Серьезный кивок Марка в ответ сказал мне все. Если тот софтболист, о котором он говорил, был хуже моего брата, да поможет Бог всем в их команде.

– Боже.

– Да, Сал. Он настолько плох. Он не боится летящих на него шаров…

Мы оба посмотрели друг на друга, когда эти два слова были использованы вместе, и рассмеялись.

– Не этих шаров, – громко засмеялся мой друг. – Нет оправдания тому, чтобы играть настолько плохо.

– Бывает, – заметила я.

Он неохотно пожал плечами и продолжил рассказ о новом парне, который недавно присоединился к их еженедельным играм в любительский софтбол.

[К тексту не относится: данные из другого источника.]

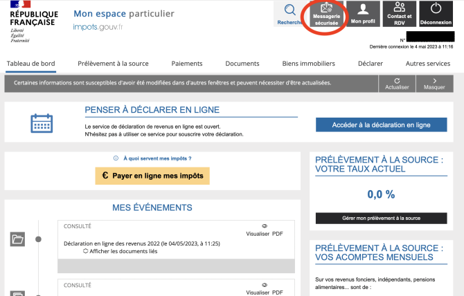 You can also send a message to the tax office from your personal space and this is typically the best way to get in touch with any particular queries or concerns as it will already be linked to your tax account and fiscal number. Simply click the ‘messagerie sécurisée’ in the top right hand corner and follow the instructions.

– Я не знаю, как сказать ему, что он ужасен. Саймон сказал, что он с ним поговорит, но у него ничего не вышло, и очень часто игроков едва хватает, чтобы разделиться на две команды, – сказал Марк, глядя на меня.

Как тонко.

Я играла с ним время от времени последние два года, когда было свободное время. Хотя я не могла официально или профессионально в течение сезона играть в футбол в какой-либо команде, кроме «Пайперс», никто не говорил, что я не могу от случая к случаю играть в софтбол, если игры не будут профессиональными. Это было ключевое слово в моем контракте.

Как только я начала говорить, что могу поучаствовать в нескольких играх, у меня зазвонил телефон.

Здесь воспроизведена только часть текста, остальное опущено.